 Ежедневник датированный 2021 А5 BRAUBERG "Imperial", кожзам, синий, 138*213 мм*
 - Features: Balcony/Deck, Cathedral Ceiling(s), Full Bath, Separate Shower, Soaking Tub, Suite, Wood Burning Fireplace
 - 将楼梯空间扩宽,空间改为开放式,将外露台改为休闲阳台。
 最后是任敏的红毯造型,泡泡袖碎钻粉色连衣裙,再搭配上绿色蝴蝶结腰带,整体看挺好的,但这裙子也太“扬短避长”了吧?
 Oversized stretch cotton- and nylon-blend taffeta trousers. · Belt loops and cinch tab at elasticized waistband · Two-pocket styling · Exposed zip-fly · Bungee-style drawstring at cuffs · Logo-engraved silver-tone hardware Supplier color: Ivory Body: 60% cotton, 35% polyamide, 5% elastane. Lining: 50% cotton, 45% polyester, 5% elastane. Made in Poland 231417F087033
== == ==
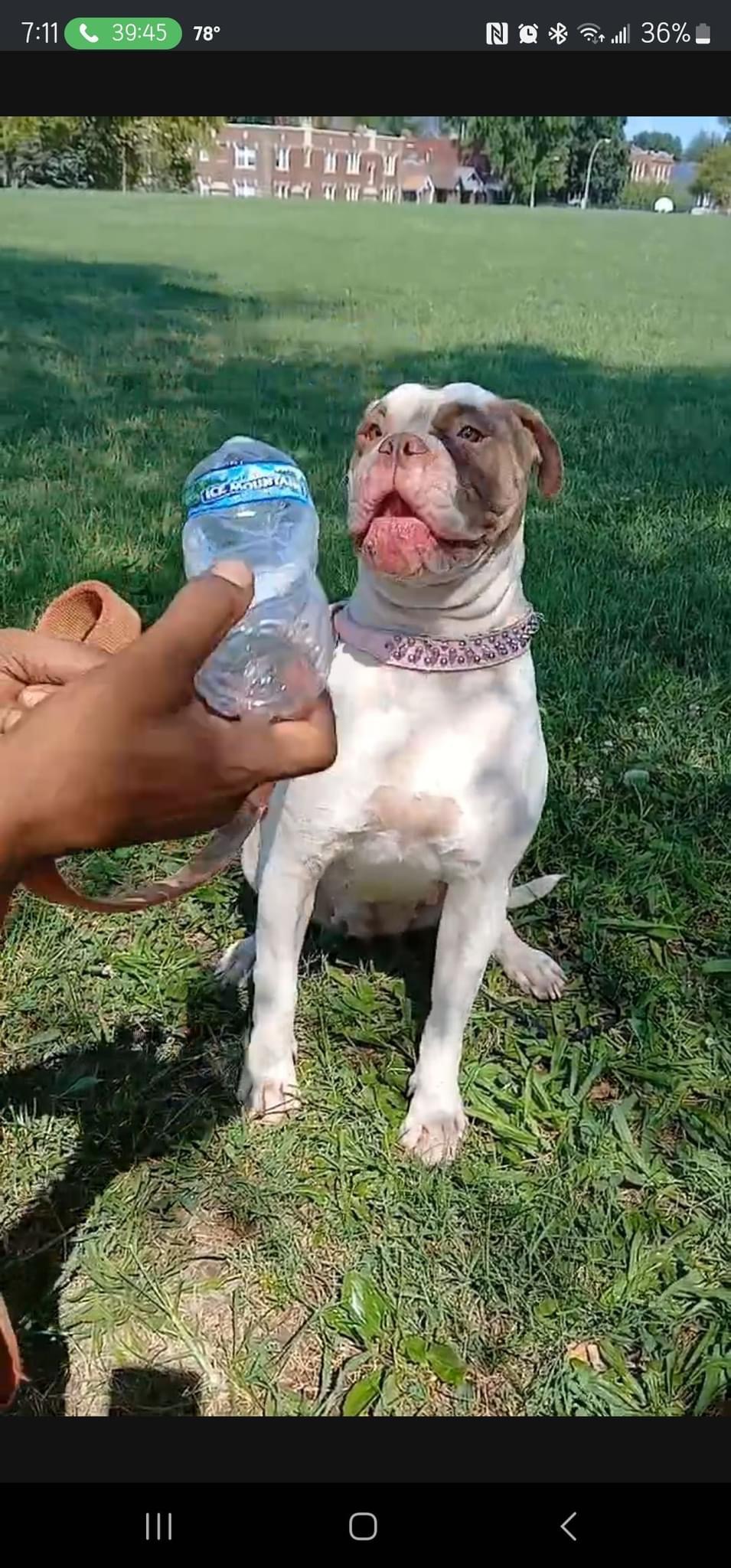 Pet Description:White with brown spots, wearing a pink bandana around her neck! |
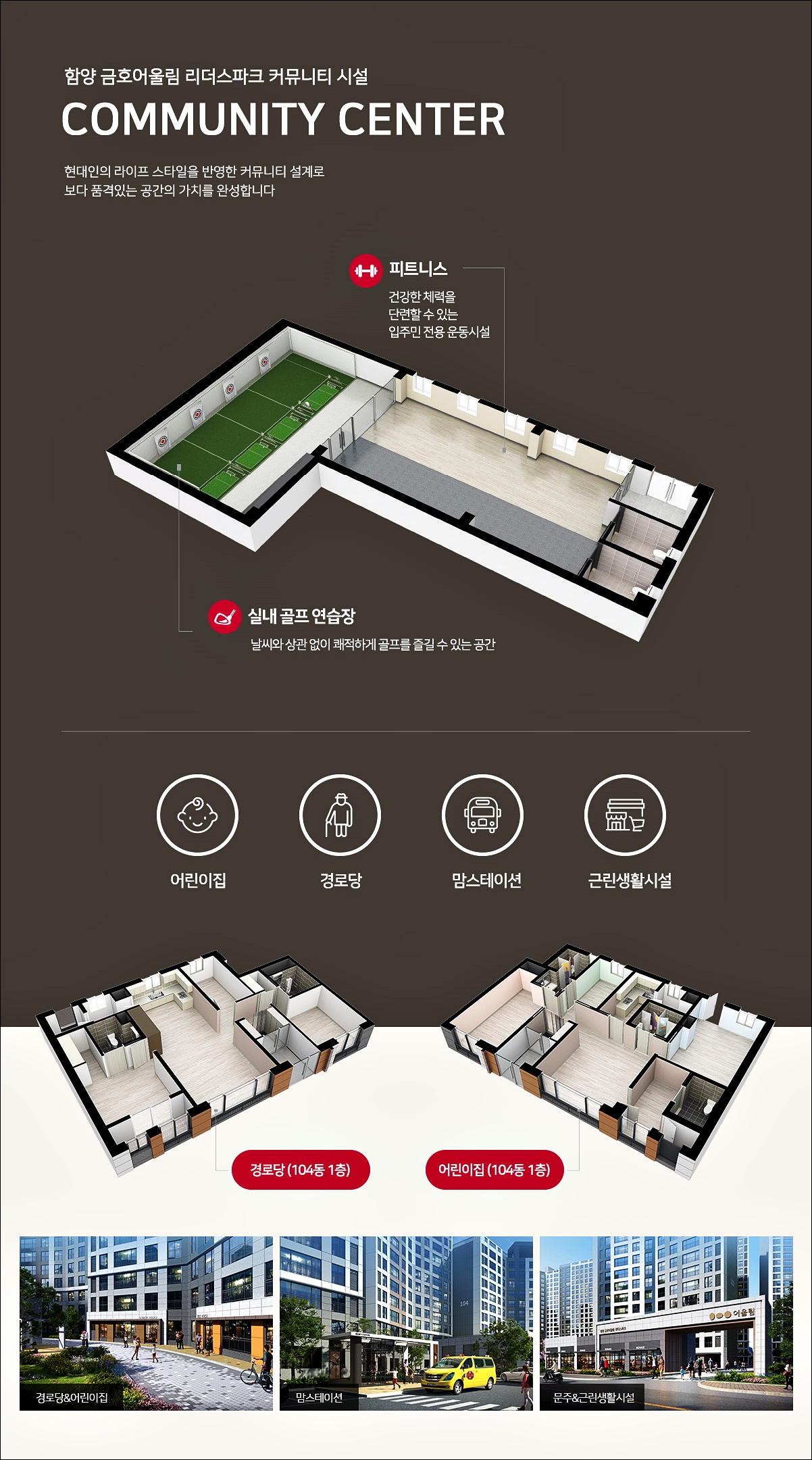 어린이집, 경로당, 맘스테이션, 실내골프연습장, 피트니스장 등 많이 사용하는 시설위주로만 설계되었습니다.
== == ==
» **Assigned task**
Among the lines above, find the one with "Ежедневник датированный 2021" and the one with "Oversized stretch cotton- and". Quote both and everything between them, exactly.

» **Solution to the problem**
 Ежедневник датированный 2021 А5 BRAUBERG "Imperial", кожзам, синий, 138*213 мм*
 - Features: Balcony/Deck, Cathedral Ceiling(s), Full Bath, Separate Shower, Soaking Tub, Suite, Wood Burning Fireplace
 - 将楼梯空间扩宽,空间改为开放式,将外露台改为休闲阳台。
 最后是任敏的红毯造型,泡泡袖碎钻粉色连衣裙,再搭配上绿色蝴蝶结腰带,整体看挺好的,但这裙子也太“扬短避长”了吧?
 Oversized stretch cotton- and nylon-blend taffeta trousers. · Belt loops and cinch tab at elasticized waistband · Two-pocket styling · Exposed zip-fly · Bungee-style drawstring at cuffs · Logo-engraved silver-tone hardware Supplier color: Ivory Body: 60% cotton, 35% polyamide, 5% elastane. Lining: 50% cotton, 45% polyester, 5% elastane. Made in Poland 231417F087033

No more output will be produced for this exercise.